# Excellent Tip for Better Edan Ahp Chagi's



## Lynne (Jul 8, 2007)

One of my instructors told me to lean into my kicking leg while performing my edan ahp chagi's.  I could not believe the difference it made.  I kicked about 5 - 6 inches higher at least.  I mean that leg just pops out of there!  Also, I am more graceful and more powerful.

Amazing.


----------



## JT_the_Ninja (Jul 9, 2007)

Not sure exactly what you mean by "lean into your kicking leg." Mind a clarification?

The best way to get height for a jump front kick, though, is to bend your knees. Bring your back-leg knee up to your chest (with the other knee bent already), and then bring the kicking knee up and _kick_. The higher you can get your back foot, the higher you'll go. You can visualize it like climbing stairs, though the physics are quite different. 

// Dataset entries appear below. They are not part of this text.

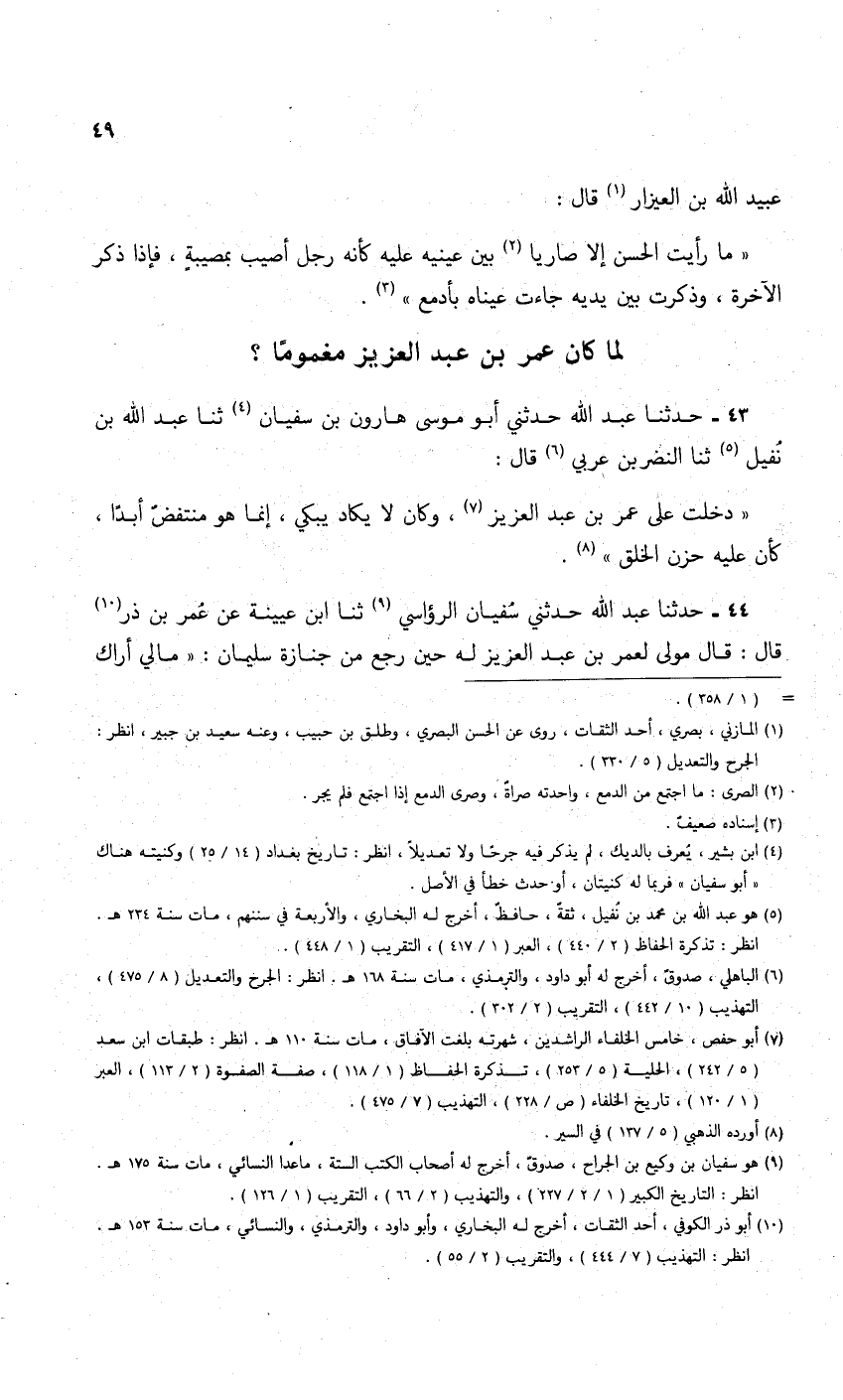 43 - حَدَّثَنَا عَبْدُ اللَّهِ حَدَّثَنِي أَبُو مُوسَى هَارُونُ بْنُ سُفْيَانَ، ثنا عَبْدُ اللَّهِ بْنُ نُفَيْلٍ، ثنا النَّضْرُ بْنُ عَرَبِيٍّ، قَالَ: «§دَخَلْتُ عَلَى عُمَرَ بْنِ عَبْدِ الْعَزِيزِ،» وَكَانَ لَا يَكَادُ يَبْكِي، إِنَّمَا هُوَ مُنْتَفِضٌ أَبَدًا كَأَنَّ عَلَيْهِ حُزْنُ الْخَلْقِ "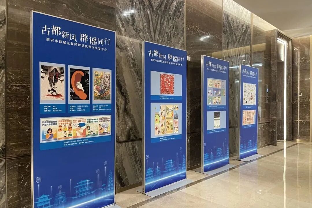 在发布会上,新城区委网信办投稿的《辟谣》视频MV荣获一等奖,“古都风行 辟谣同行”系列海报荣获二等奖,《“吃瓜”需冷静 谣言勿相传》长图漫画荣获优秀奖。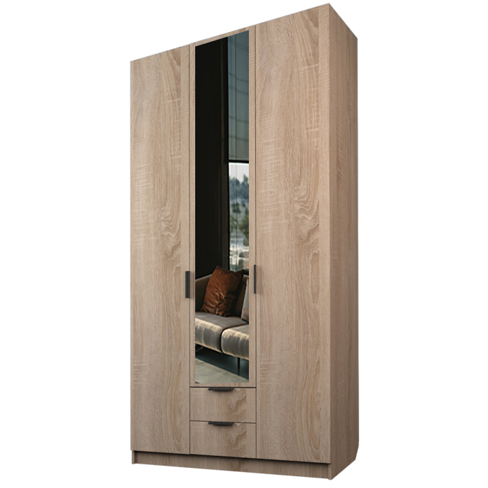 Шкаф 3-х дверный с зеркалом и 2-мя ящиками ЭШ3-12-РП-2я Зс (Дуб Сонома)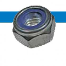 特長 六角ナットに先端部にナイロンがかしめてあるナットです。おねじがナイロンへ食込み、緩み止め効果が得られます。車両関係・機械等の振動の多い場所へ使用します。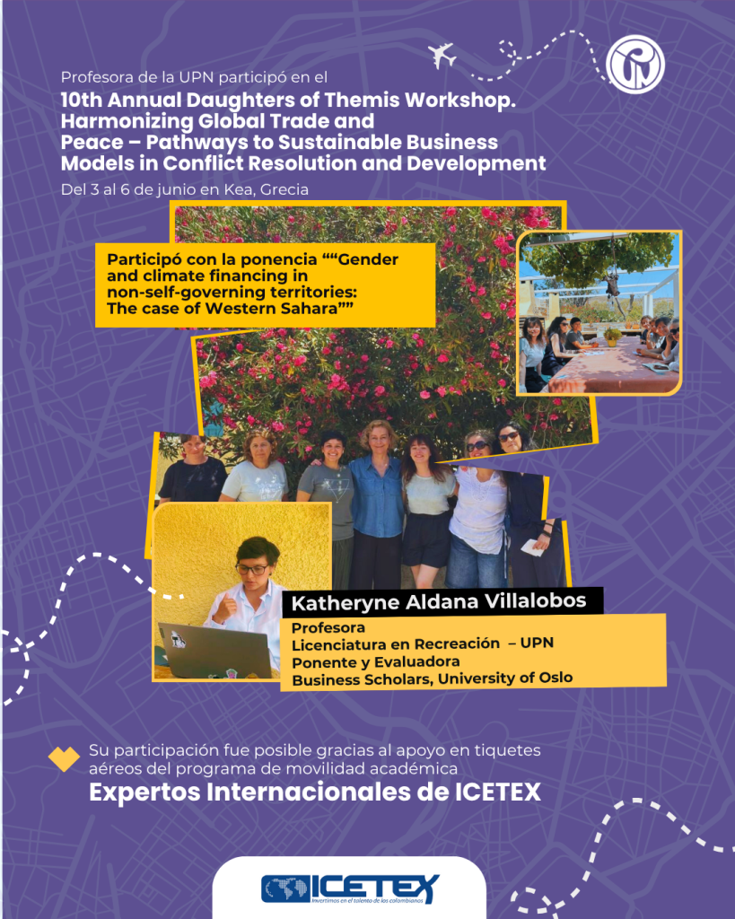 En el marco de las acciones de internacionalización de la Facultad de Educación Física, la profesora Katheryne Aldana Villalobos, docente del programa de Licenciatura en Recreación, participó como ponente en el 10th Annual Daughters of Themis Workshop: Harmonizing Global Trade and Peace – Pathways to Sustainable Business Models in Conflict Resolution and Development, realizado del 3 al 6 de junio de 2025 en Kea, Grecia.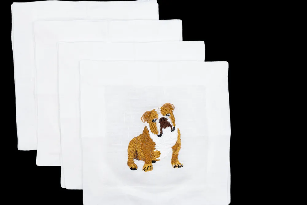 Embroidered with icons of pop and style, furry friends, and seasonal items, Lettermade cocktail napkins add sophistication and a touch of whimsy to any social setting. Stout, loyal, and adorable, the English Bulldog Cocktail Napkins bring the muscular, lovable pup to your next gathering of dog lovers.
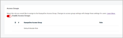 If you disable Access Groups, then RBAC from KaseyaOne will not be allowed for the module.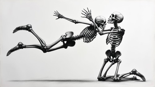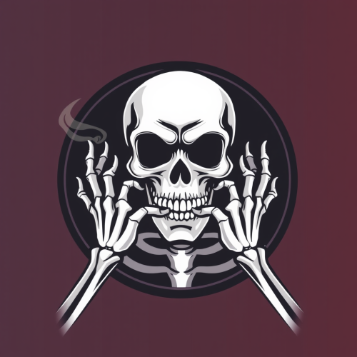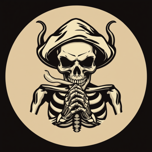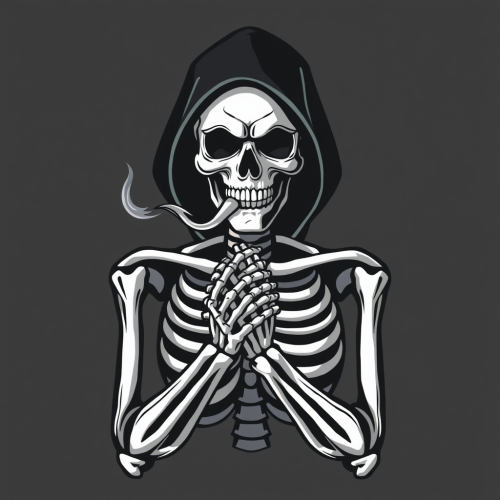 The Skeleton with Skull Smoke Mask and Clasped Hands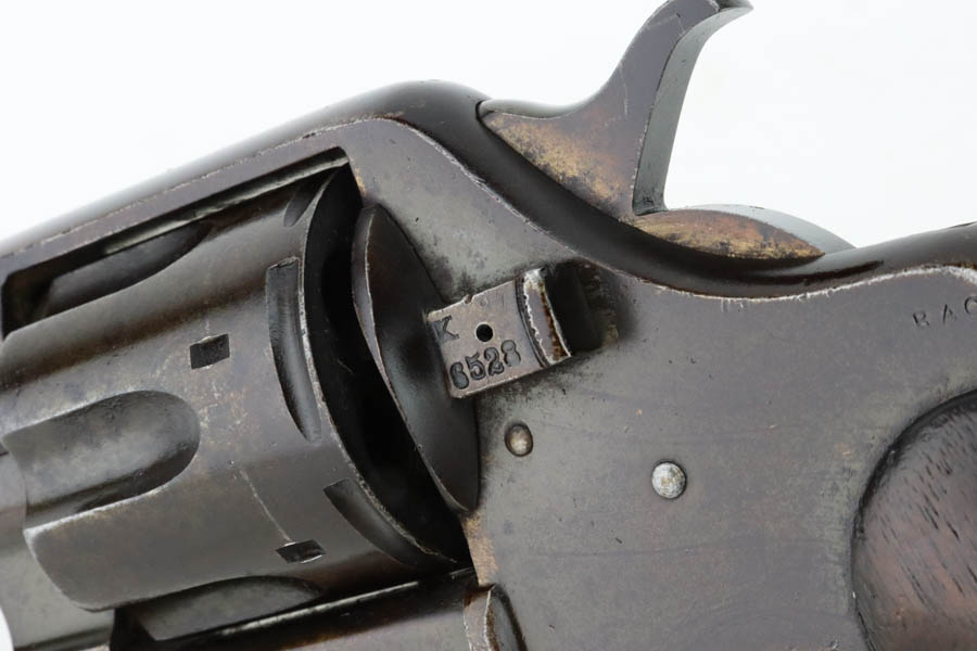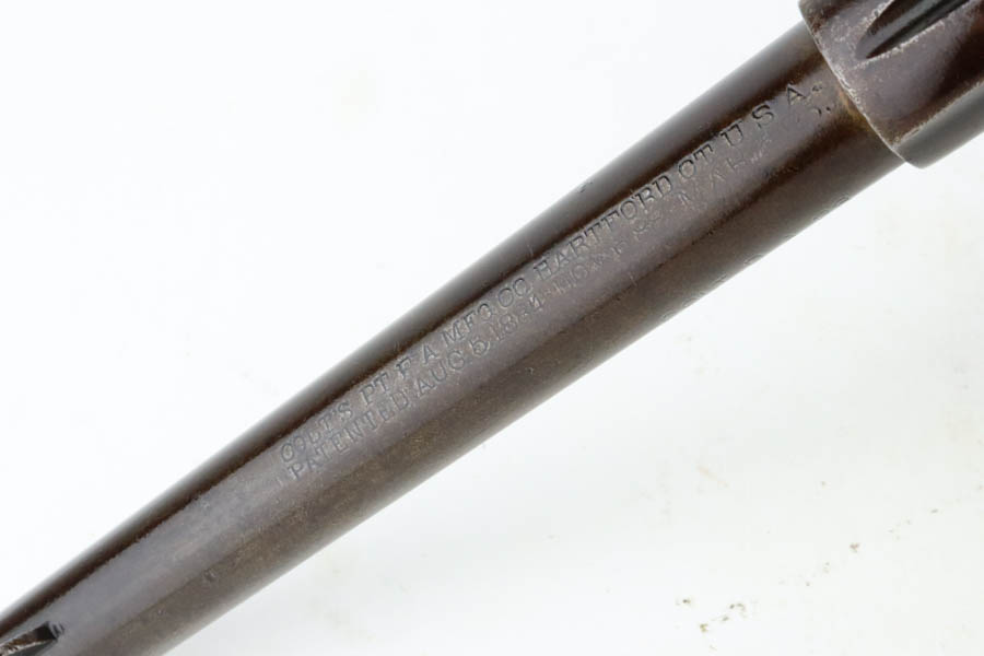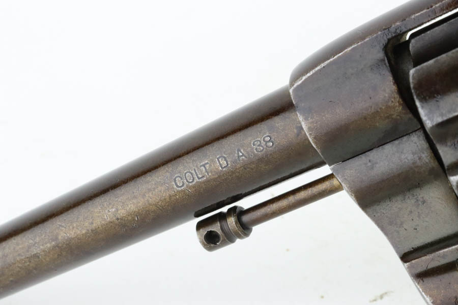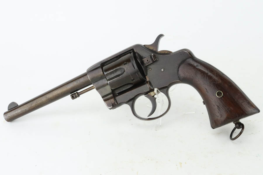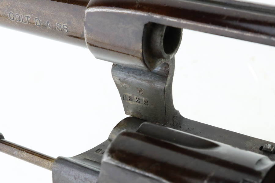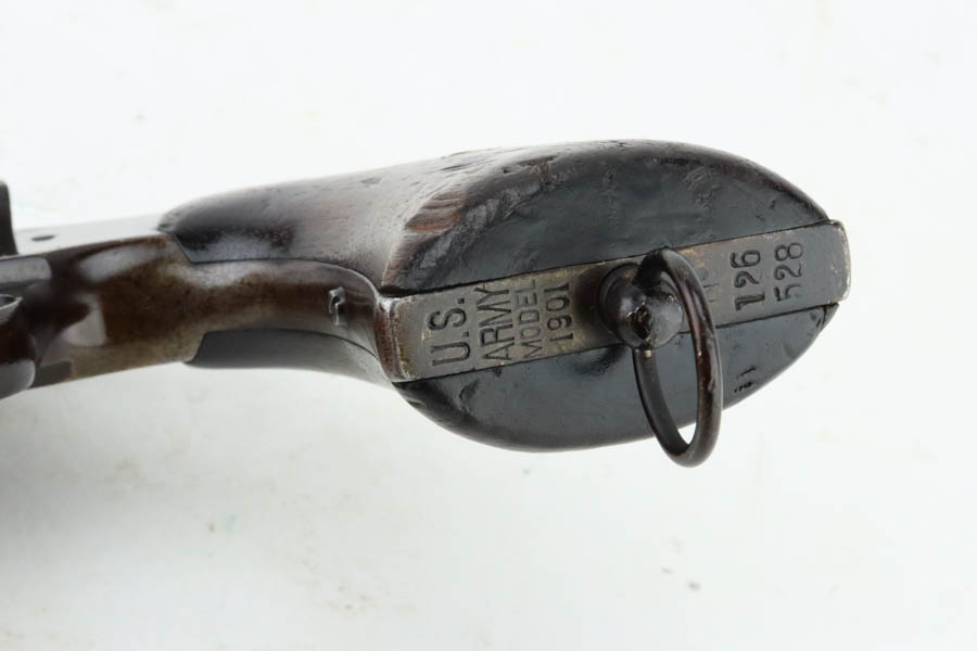 7/10/24 – This is a US Army Colt Model 1901, manufactured in 1899 and chambered in .38 Caliber. It is all matching. While there isn’t a ton of actual finish loss, there is obvious brown patina and oxidation throughout. The grips are hand-numbered to match. There is light surface rust on the frame under the grip panels. The bore has good rifling, but there are a couple of small spots of light surface oxidation. The lanyard ring on the butt of the frame has been replaced.

To make this faster, make sure your stance is low enough, and that your feet aren't so wide apart, that bringing your knee up to your chest isn't as far a distance as otherwise.


----------



## Lynne (Jul 9, 2007)

Thanks for the tips, JT 

By leaning into the kicking leg, my instructor meant for me to bend it a bit more (as you stated) but also lean forward a little.  It made quite a difference.

Previously, I had used a perfectly stiff upright posture.


----------



## Kacey (Jul 9, 2007)

Relaxation is the key to lots of techniques - they should flow, not be forced, in most instances.


----------



## JT_the_Ninja (Jul 9, 2007)

Kacey said:


> Relaxation is the key to lots of techniques - they should flow, not be forced, in most instances.



I second that. One of the things you'll learn as you learn higher forms, especially passai/palche so and deh, is that you must be relaxed up until the strike/block lands, so that you have freedom of movement.


----------